(Directions) Please print, exactly as written, the line containing "삼성바이오로직스가 지난 19일" and each line after it through the end of the material; pictures stay out.

(Recorded information)
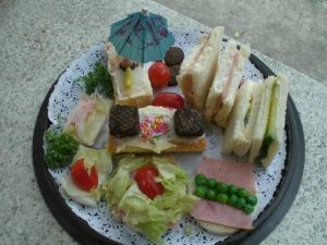 「アフタヌーンティセット」だそうです。料理だけど、ただ作るだけでなく、1枚の絵に見立てて、いろいろと考えて作ったみたい。
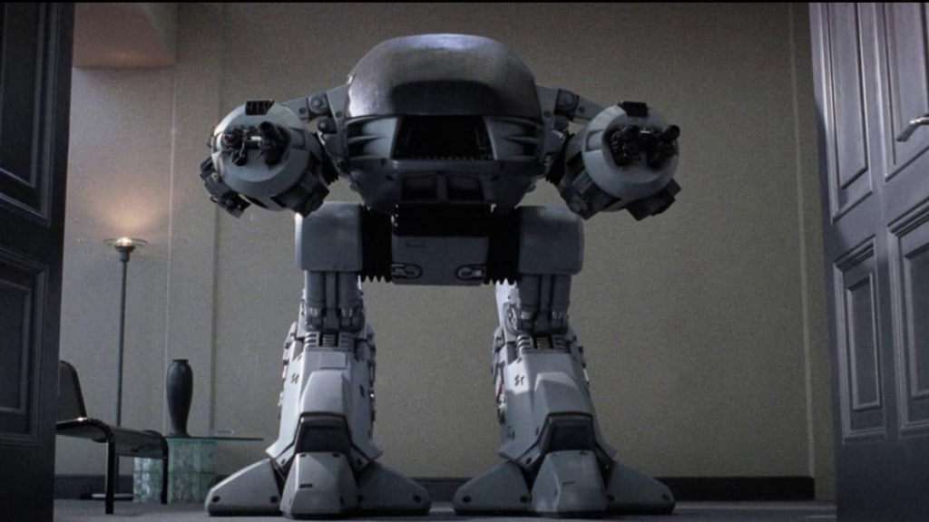 The weaponry works because it matches the satire. Those cannons represent power sold as security, then used with zero restraint. Even the hardware design helps, with the mech’s bulk and mechanical targeting giving it the vibe of a walking procurement mistake. Many sci-fi guns aim for cool, but ED-209’s guns now feel terrifyingly plausible.
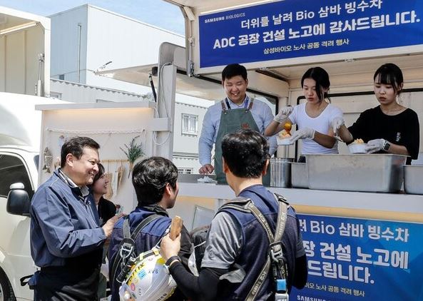 삼성바이오로직스가 지난 19일 인천 송도의 차세대 항암제 ADC(Antibody Drug Conjugate) 공장 건설 현장 협력사 기술인 900여명에게 시원한 빙수와 츄러스 세트를 제공하는 '삼바 빙수차' 행사를 진행했다.
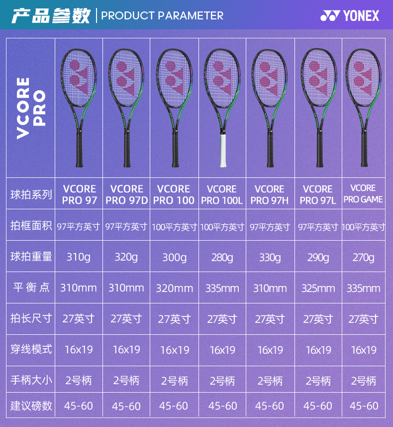 2021新款 瓦林卡 胡尔卡奇Yonex VCORE Pro 97/100 系列网球拍
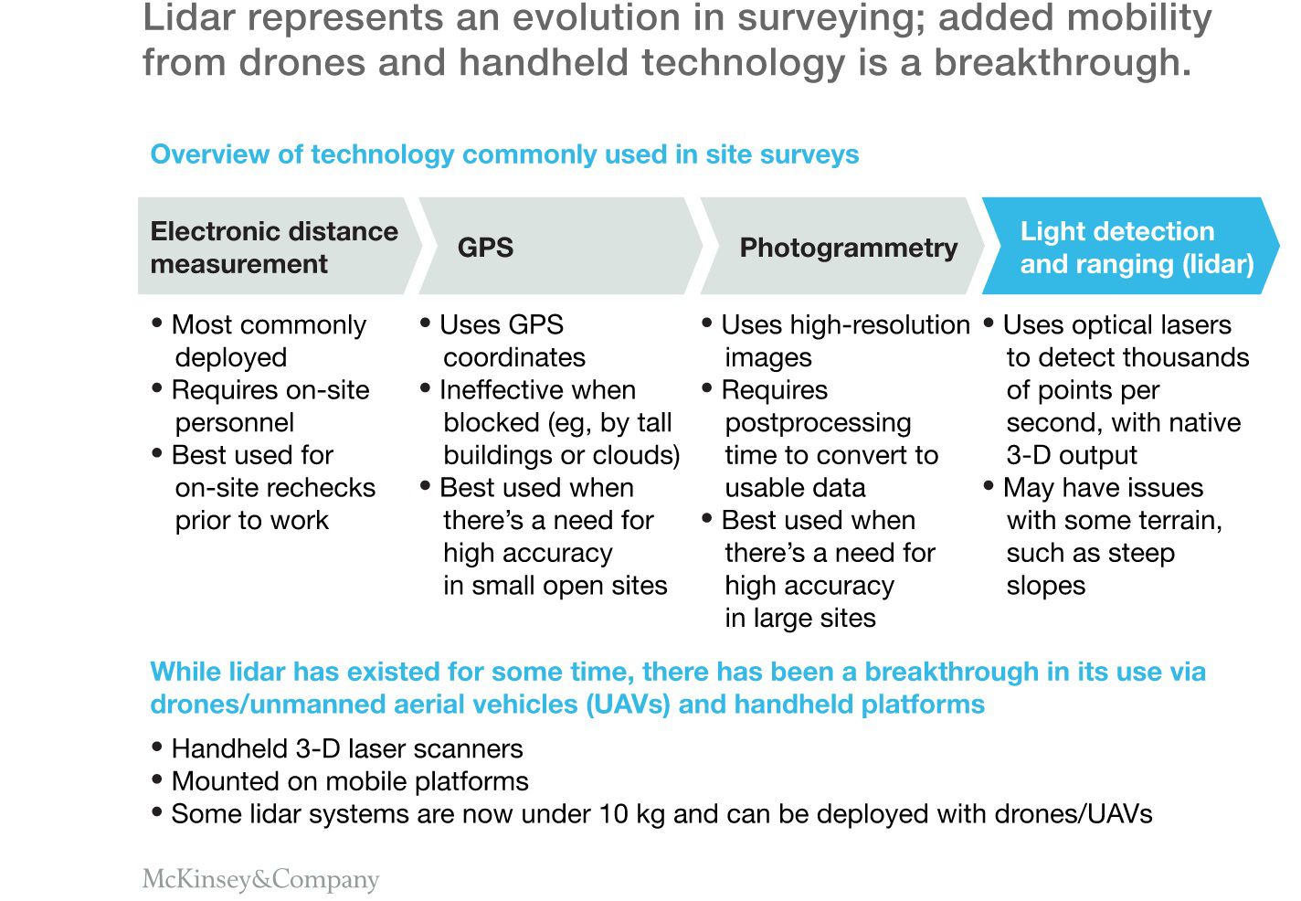 由於成本顯著下降,現代資訊技術越來越容易獲取。雷射雷達和即時動態 GPS 現在大約1萬美元;高解析度攝像機越來越小,也越來越輕;相比傳統直升機,工業無人機越來越快,也越來越便宜。目前也有專業公司協助進行無人機拍攝、資料獲取和資訊視覺化,一些政府機構和非政府組織也開始提供免費雷射雷達測距地圖。

(Written solution)
 삼성바이오로직스가 지난 19일 인천 송도의 차세대 항암제 ADC(Antibody Drug Conjugate) 공장 건설 현장 협력사 기술인 900여명에게 시원한 빙수와 츄러스 세트를 제공하는 '삼바 빙수차' 행사를 진행했다.
 2021新款 瓦林卡 胡尔卡奇Yonex VCORE Pro 97/100 系列网球拍
 由於成本顯著下降,現代資訊技術越來越容易獲取。雷射雷達和即時動態 GPS 現在大約1萬美元;高解析度攝像機越來越小,也越來越輕;相比傳統直升機,工業無人機越來越快,也越來越便宜。目前也有專業公司協助進行無人機拍攝、資料獲取和資訊視覺化,一些政府機構和非政府組織也開始提供免費雷射雷達測距地圖。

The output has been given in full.